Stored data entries
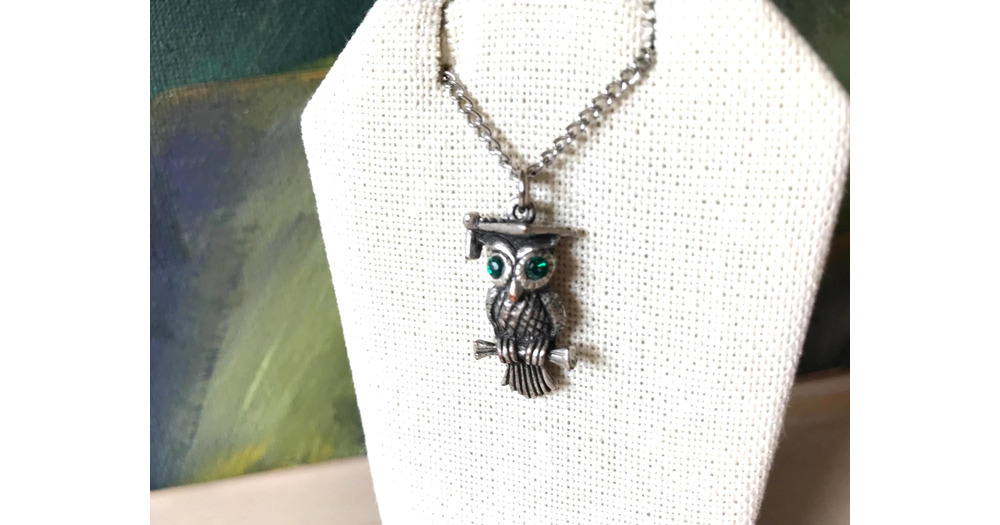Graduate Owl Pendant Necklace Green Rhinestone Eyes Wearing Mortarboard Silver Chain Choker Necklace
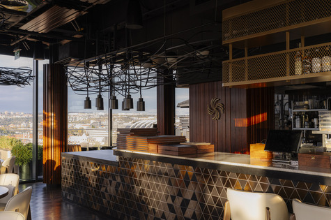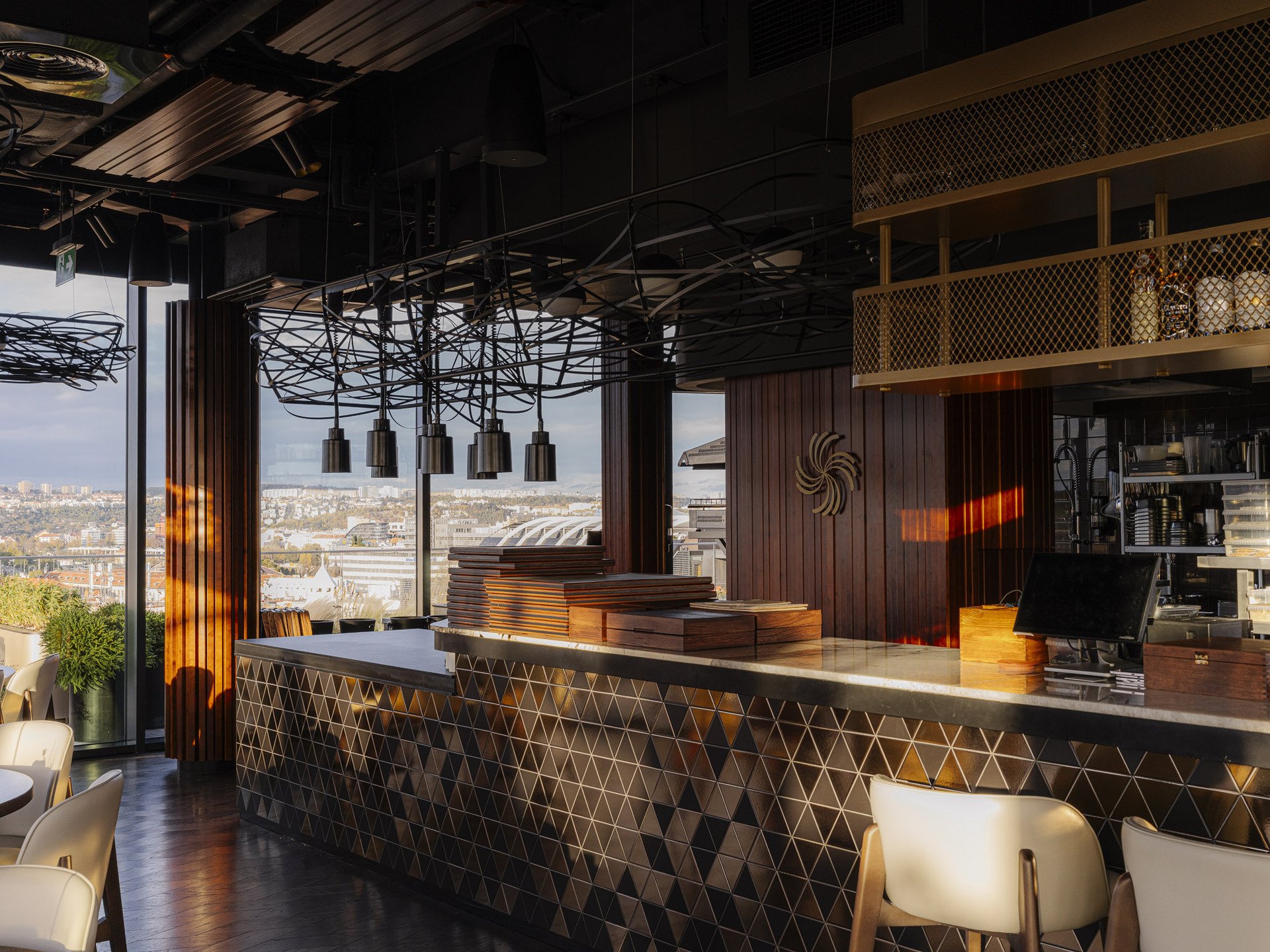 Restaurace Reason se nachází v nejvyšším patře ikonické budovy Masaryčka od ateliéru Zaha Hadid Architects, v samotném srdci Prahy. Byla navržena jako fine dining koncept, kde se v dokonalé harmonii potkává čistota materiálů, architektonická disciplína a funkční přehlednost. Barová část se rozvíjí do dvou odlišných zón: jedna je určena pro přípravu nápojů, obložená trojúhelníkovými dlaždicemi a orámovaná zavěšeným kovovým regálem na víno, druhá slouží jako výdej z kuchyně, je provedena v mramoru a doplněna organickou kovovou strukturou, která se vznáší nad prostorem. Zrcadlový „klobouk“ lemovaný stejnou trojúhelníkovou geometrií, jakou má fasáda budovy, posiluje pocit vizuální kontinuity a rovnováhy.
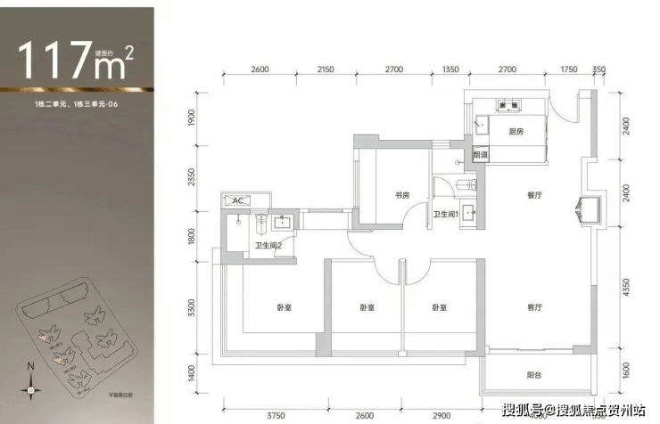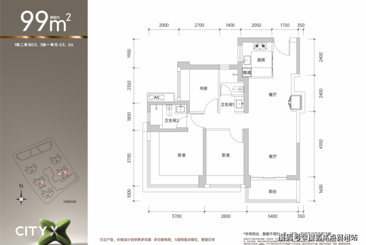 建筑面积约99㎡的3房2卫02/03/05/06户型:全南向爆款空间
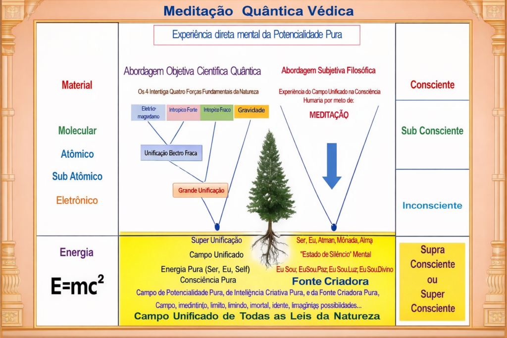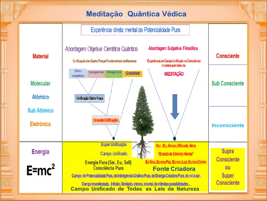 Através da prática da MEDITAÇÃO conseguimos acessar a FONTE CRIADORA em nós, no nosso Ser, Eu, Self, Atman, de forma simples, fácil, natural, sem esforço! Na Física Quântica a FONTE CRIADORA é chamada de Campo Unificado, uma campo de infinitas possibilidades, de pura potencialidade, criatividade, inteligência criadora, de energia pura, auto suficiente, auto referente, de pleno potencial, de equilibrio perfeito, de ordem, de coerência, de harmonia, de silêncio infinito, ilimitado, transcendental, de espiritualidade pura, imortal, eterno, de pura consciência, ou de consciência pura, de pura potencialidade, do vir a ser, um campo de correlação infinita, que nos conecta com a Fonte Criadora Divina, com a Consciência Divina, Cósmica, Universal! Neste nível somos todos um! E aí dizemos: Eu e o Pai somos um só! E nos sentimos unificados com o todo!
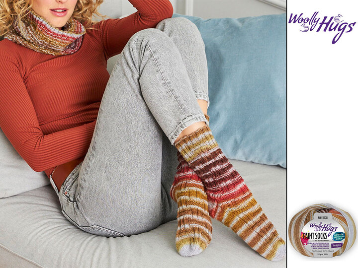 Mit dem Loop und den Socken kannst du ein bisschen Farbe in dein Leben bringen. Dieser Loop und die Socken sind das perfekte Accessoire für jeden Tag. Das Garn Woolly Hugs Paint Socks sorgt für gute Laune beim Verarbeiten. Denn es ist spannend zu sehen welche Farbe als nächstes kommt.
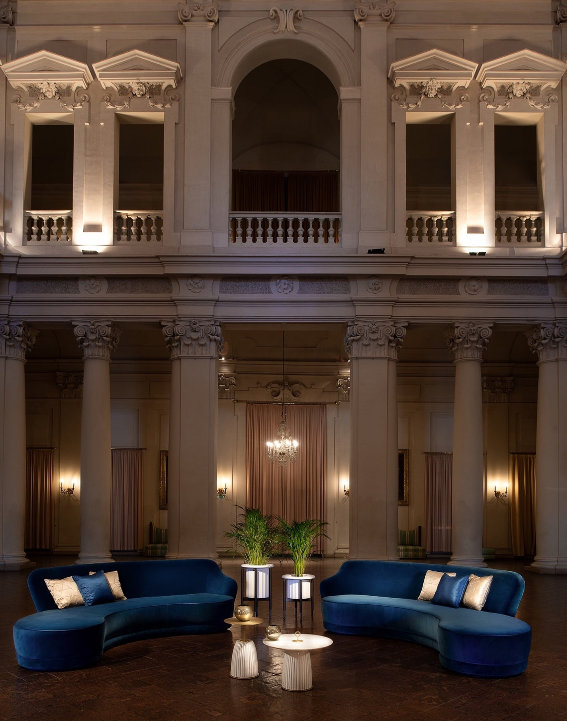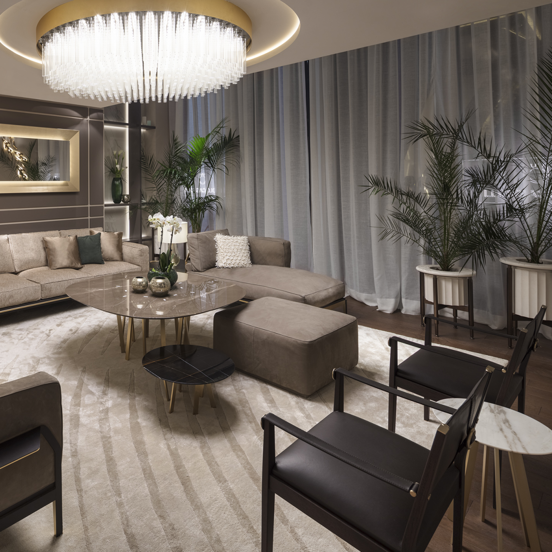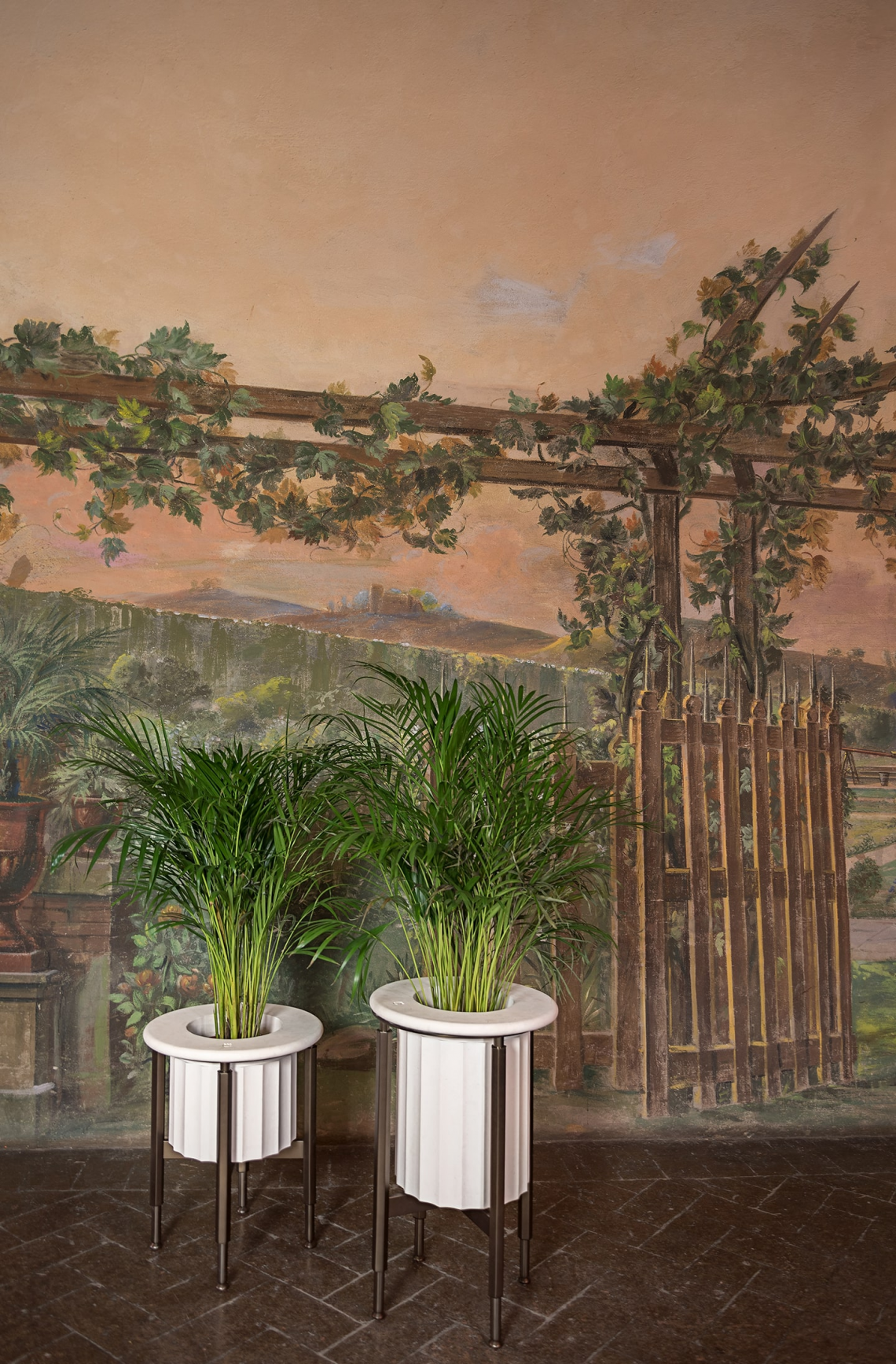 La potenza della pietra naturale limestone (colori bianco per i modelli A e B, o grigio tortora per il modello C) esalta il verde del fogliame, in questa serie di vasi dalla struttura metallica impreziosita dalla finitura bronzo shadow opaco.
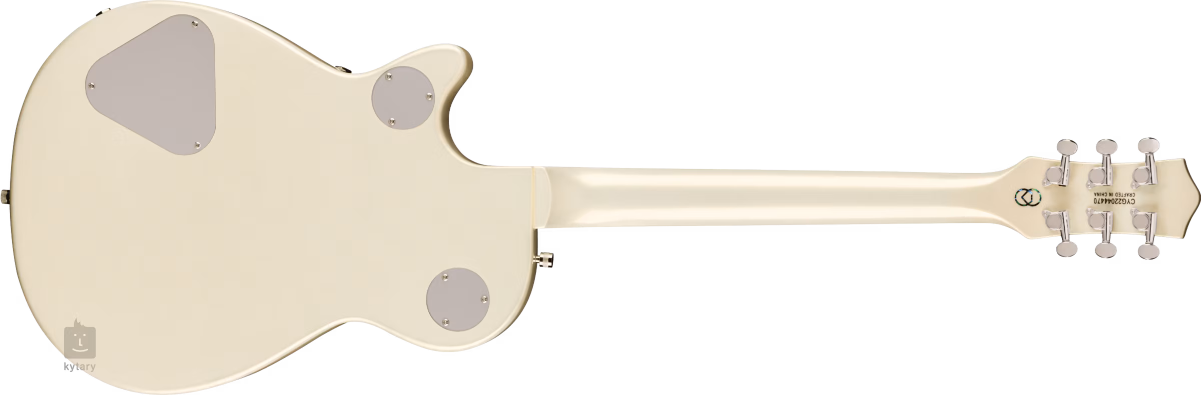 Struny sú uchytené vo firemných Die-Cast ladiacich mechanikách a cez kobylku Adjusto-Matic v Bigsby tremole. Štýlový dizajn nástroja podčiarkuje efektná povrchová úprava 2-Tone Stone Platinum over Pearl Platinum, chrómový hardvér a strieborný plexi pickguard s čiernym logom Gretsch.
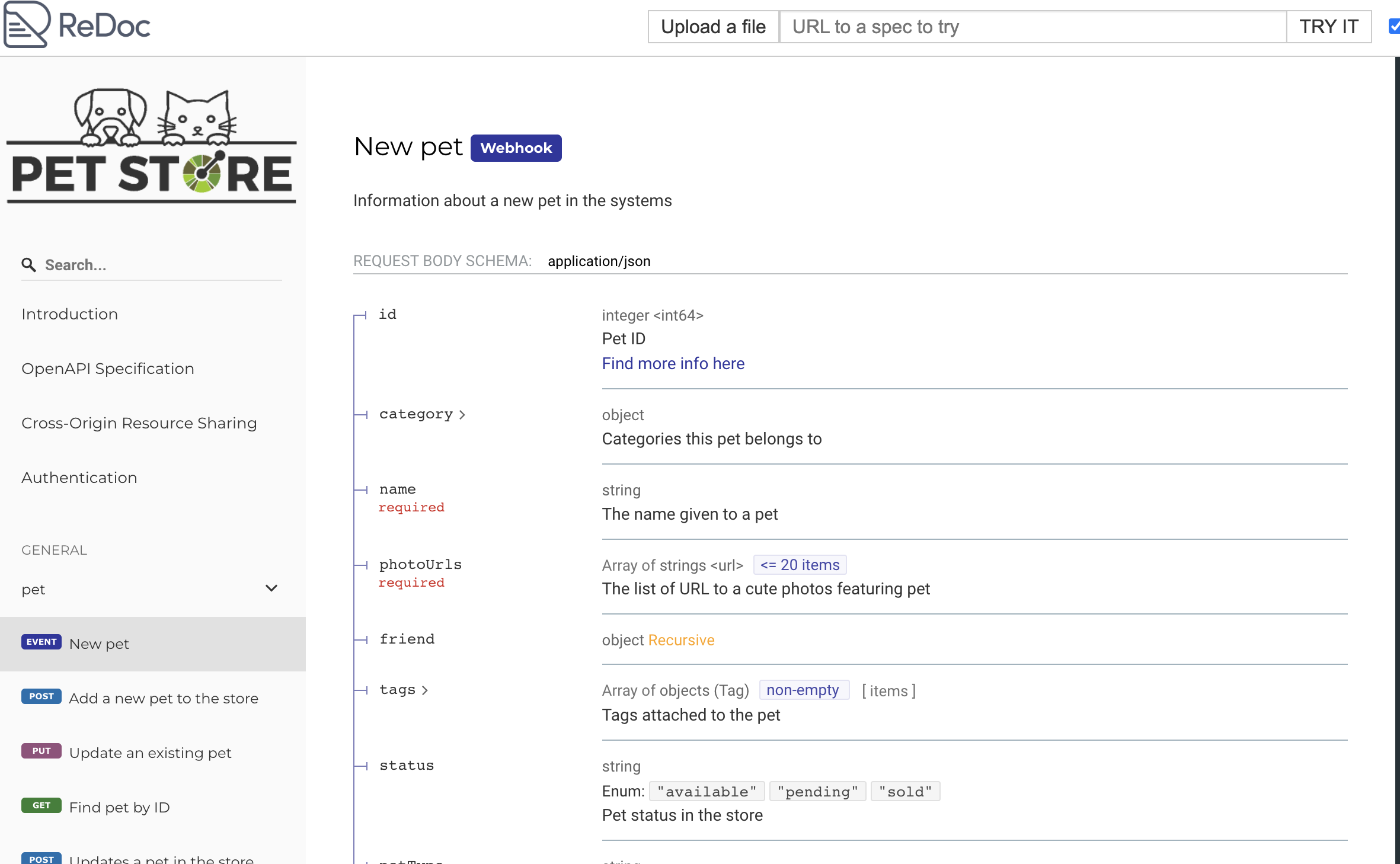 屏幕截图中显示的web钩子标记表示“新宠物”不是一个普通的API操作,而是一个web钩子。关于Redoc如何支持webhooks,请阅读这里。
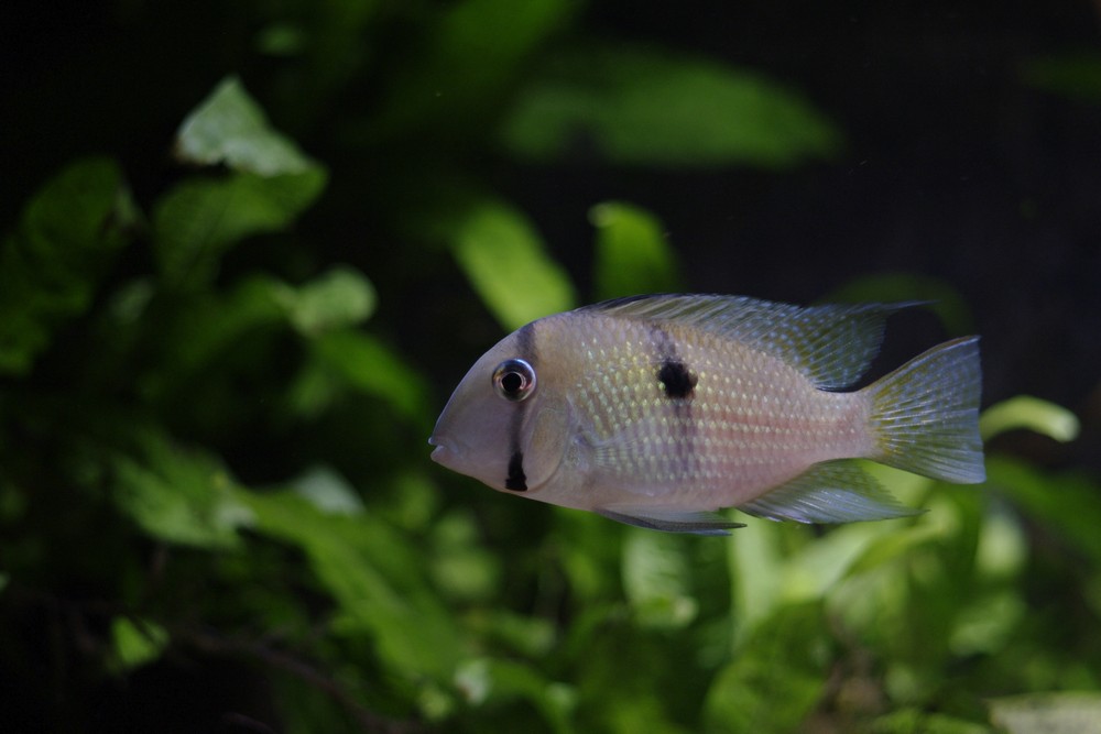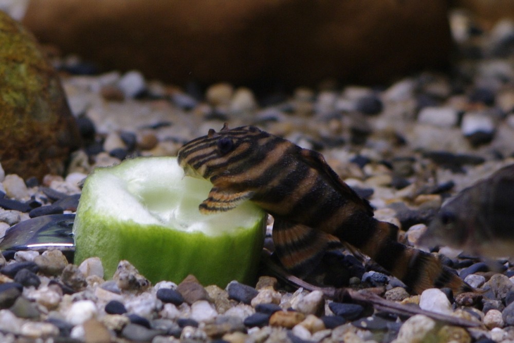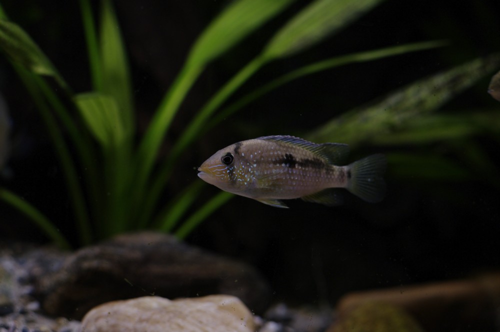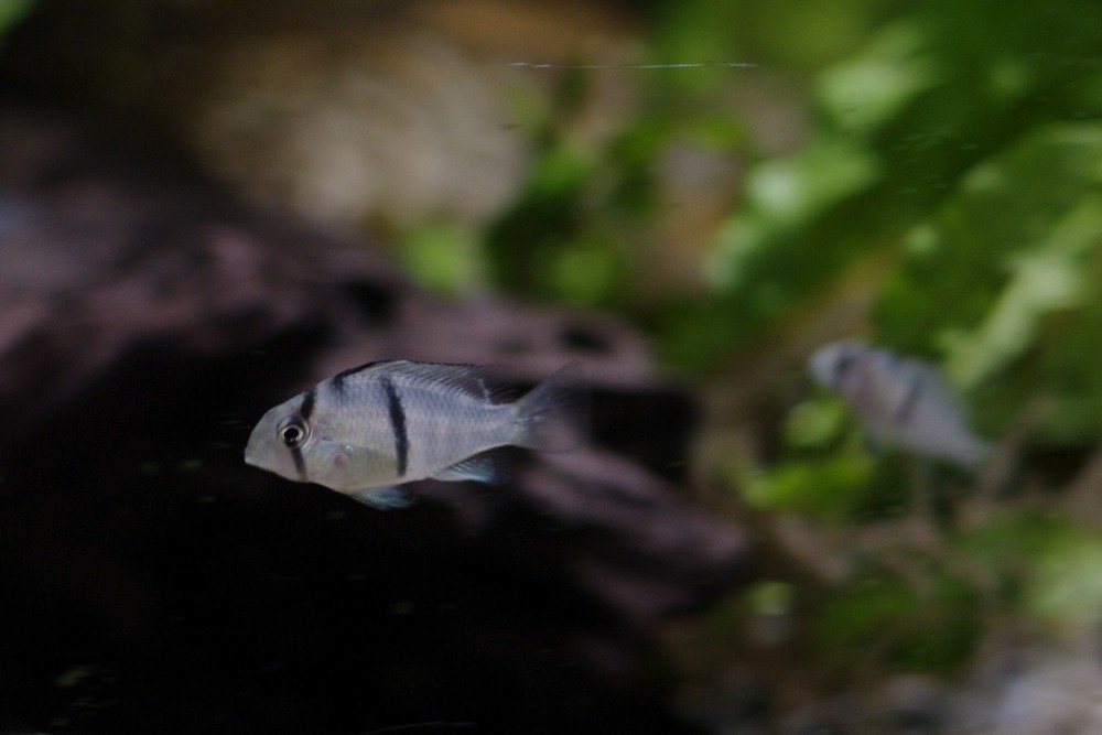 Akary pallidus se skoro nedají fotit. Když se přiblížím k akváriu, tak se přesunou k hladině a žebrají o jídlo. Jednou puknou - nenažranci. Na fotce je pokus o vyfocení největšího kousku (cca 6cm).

Exercise goal:
Omit the pictures and write out the lines above from the one with "屏幕截图中显示的web钩子标" through the last, unchanged.

Final answer:
 屏幕截图中显示的web钩子标记表示“新宠物”不是一个普通的API操作,而是一个web钩子。关于Redoc如何支持webhooks,请阅读这里。
 Akary pallidus se skoro nedají fotit. Když se přiblížím k akváriu, tak se přesunou k hladině a žebrají o jídlo. Jednou puknou - nenažranci. Na fotce je pokus o vyfocení největšího kousku (cca 6cm).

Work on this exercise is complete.